Data extracted from a collection
=-=-=-=-=

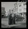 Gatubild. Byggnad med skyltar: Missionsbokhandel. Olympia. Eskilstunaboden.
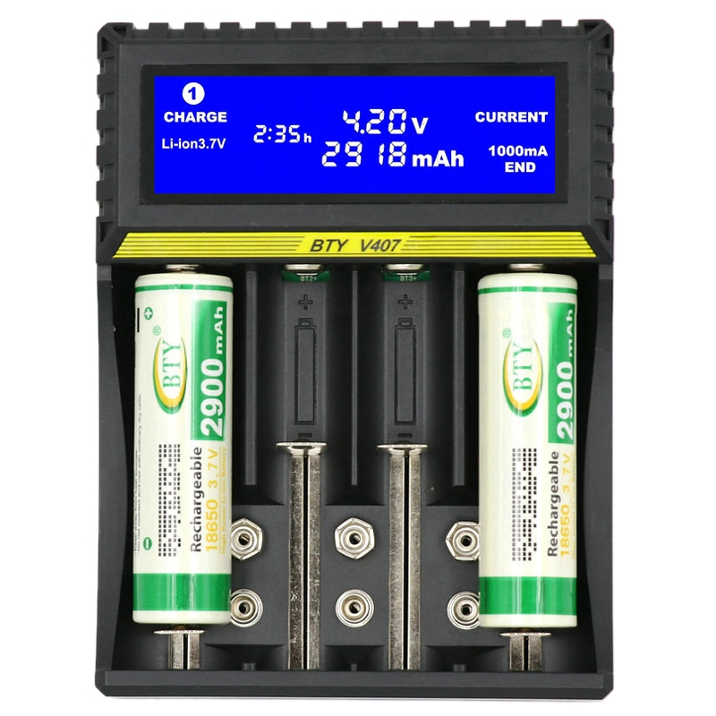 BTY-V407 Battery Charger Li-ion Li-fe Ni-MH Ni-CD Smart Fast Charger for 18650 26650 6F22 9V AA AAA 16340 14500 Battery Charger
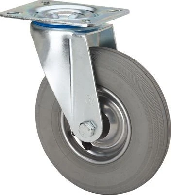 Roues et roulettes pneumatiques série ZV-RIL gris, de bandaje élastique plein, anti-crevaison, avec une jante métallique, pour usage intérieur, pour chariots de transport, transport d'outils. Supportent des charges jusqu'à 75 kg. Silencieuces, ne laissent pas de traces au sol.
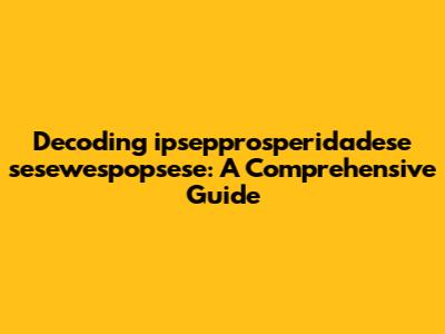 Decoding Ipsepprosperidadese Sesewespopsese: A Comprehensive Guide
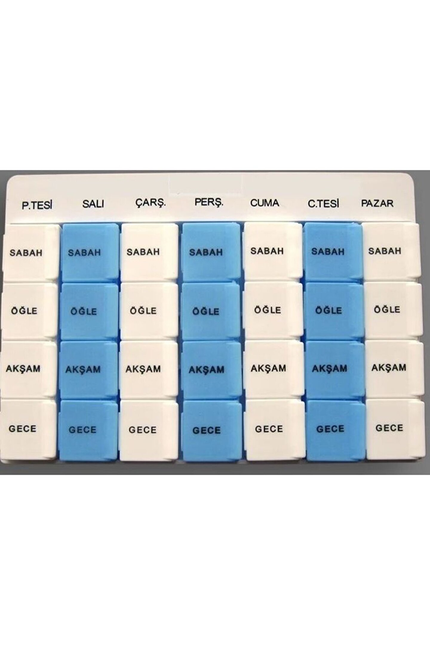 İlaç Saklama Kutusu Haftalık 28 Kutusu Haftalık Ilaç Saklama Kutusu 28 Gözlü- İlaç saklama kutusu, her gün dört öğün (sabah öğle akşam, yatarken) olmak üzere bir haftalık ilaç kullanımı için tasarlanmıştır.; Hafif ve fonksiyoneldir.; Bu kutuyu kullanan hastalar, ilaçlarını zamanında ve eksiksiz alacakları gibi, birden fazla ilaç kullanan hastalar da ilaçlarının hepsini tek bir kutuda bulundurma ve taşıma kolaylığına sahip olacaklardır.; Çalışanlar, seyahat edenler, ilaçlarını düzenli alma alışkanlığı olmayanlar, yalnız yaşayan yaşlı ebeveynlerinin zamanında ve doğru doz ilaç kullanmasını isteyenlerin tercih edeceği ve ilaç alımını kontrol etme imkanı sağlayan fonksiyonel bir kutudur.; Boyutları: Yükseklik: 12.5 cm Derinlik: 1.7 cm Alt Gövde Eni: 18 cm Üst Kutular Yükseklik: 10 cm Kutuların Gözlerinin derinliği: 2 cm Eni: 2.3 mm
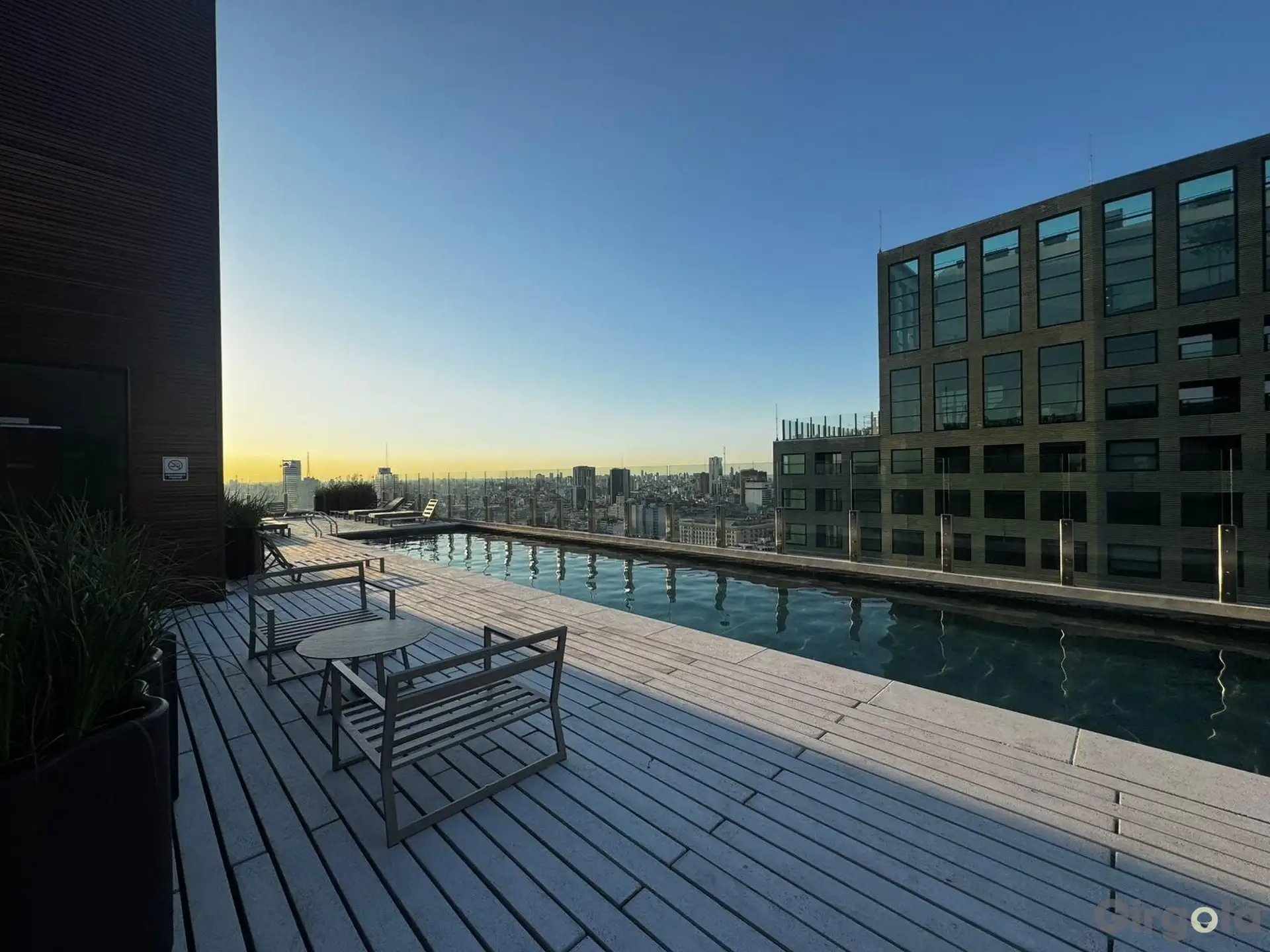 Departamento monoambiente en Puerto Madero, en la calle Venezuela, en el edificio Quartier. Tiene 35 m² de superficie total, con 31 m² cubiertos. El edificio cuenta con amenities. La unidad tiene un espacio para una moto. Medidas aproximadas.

=-=-=-=-=

▶ What you have to do
Copy word for word each line of the data above, from the first through the one containing "BTY-V407 Battery Charger", and include no pictures.

▶ Reply to the exercise
 Gatubild. Byggnad med skyltar: Missionsbokhandel. Olympia. Eskilstunaboden.
 BTY-V407 Battery Charger Li-ion Li-fe Ni-MH Ni-CD Smart Fast Charger for 18650 26650 6F22 9V AA AAA 16340 14500 Battery Charger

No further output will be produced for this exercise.